# RECORDED DATA
┄┄┄┄┄┄┄┄┄┄┄┄┄┄┄┄┄┄┄┄

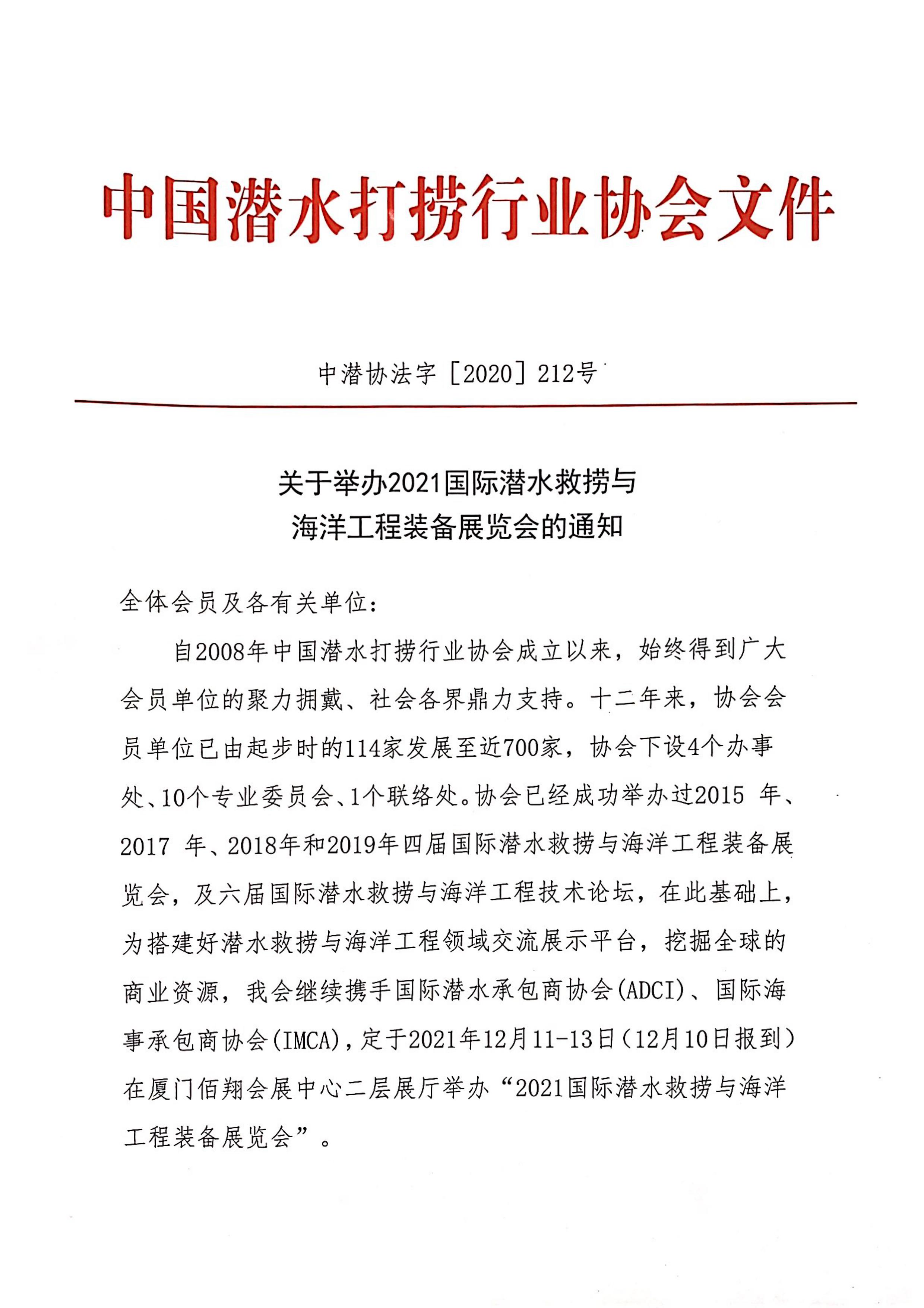 附件:关于举办2021国际潜水救捞与海洋工程装备展览会的通知
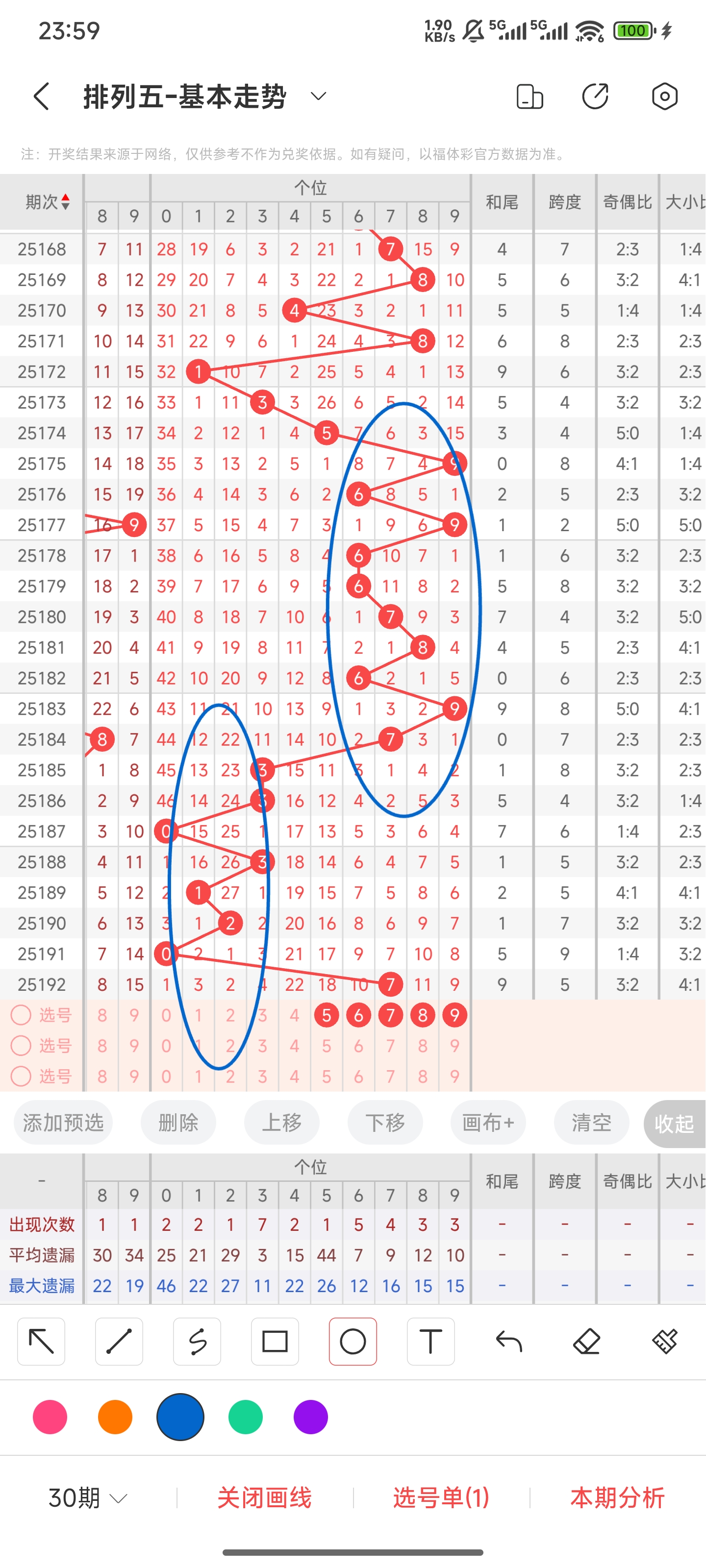 先回顾一下上期情况,开出68357,和尾为9,跨度为5,奇偶比为3:2,大小比为4:1,012路个数对比为2:1:2。
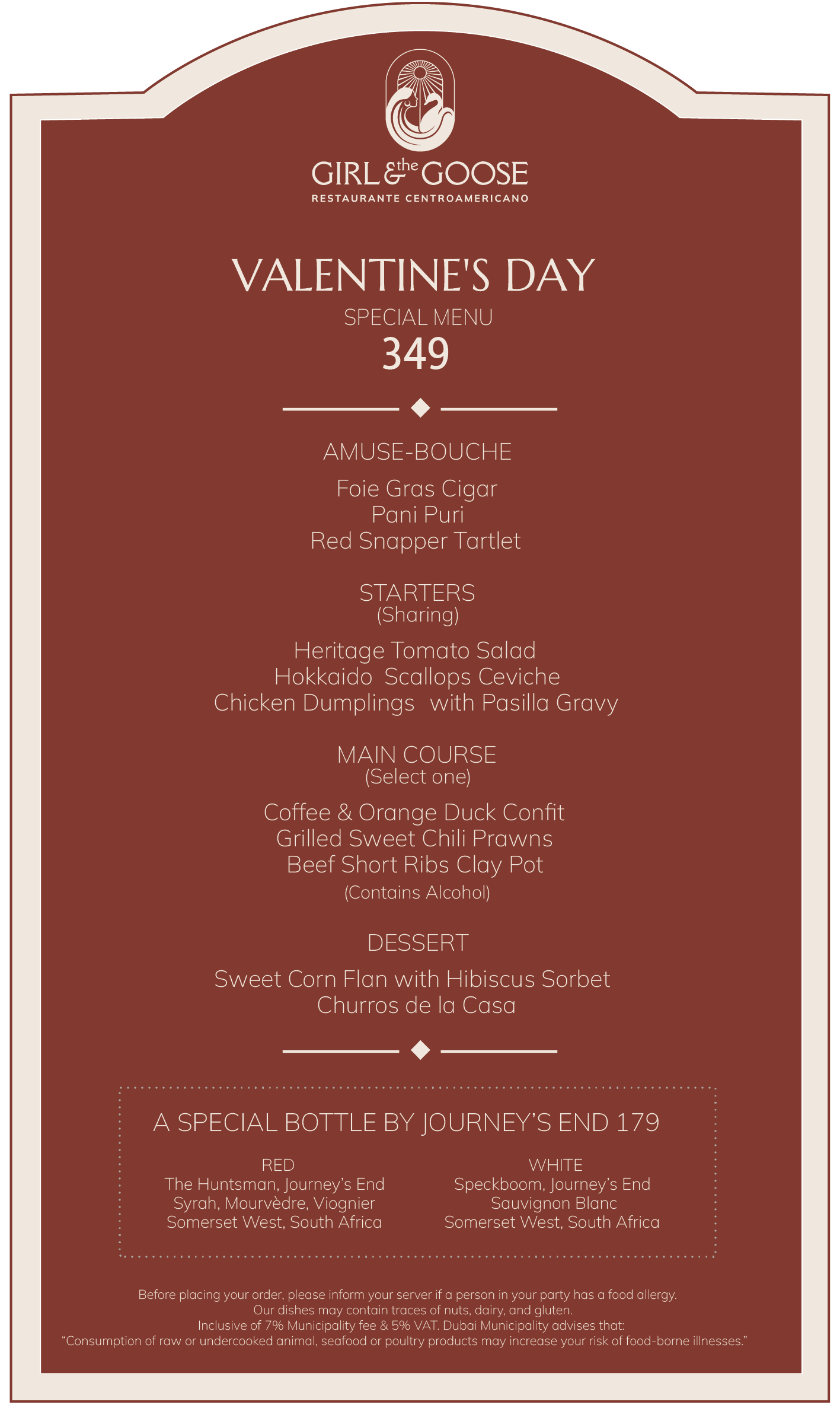 Enjoy a special menu with a curated selection of amouse bouche, our signature starters, mains and a special Valentine themed dessert to end the night. 349 per person, with the option to add a bottle of Journey’s End (red or white) for 179.

┄┄┄┄┄┄┄┄┄┄┄┄┄┄┄┄┄┄┄┄

# GOAL OF THE EXERCISE
Reproduce the material above exactly, but only from the line with "先回顾一下上期情况,开出68" through its last line, leaving pictures out.

# YOUR SOLUTION
 先回顾一下上期情况,开出68357,和尾为9,跨度为5,奇偶比为3:2,大小比为4:1,012路个数对比为2:1:2。
 Enjoy a special menu with a curated selection of amouse bouche, our signature starters, mains and a special Valentine themed dessert to end the night. 349 per person, with the option to add a bottle of Journey’s End (red or white) for 179.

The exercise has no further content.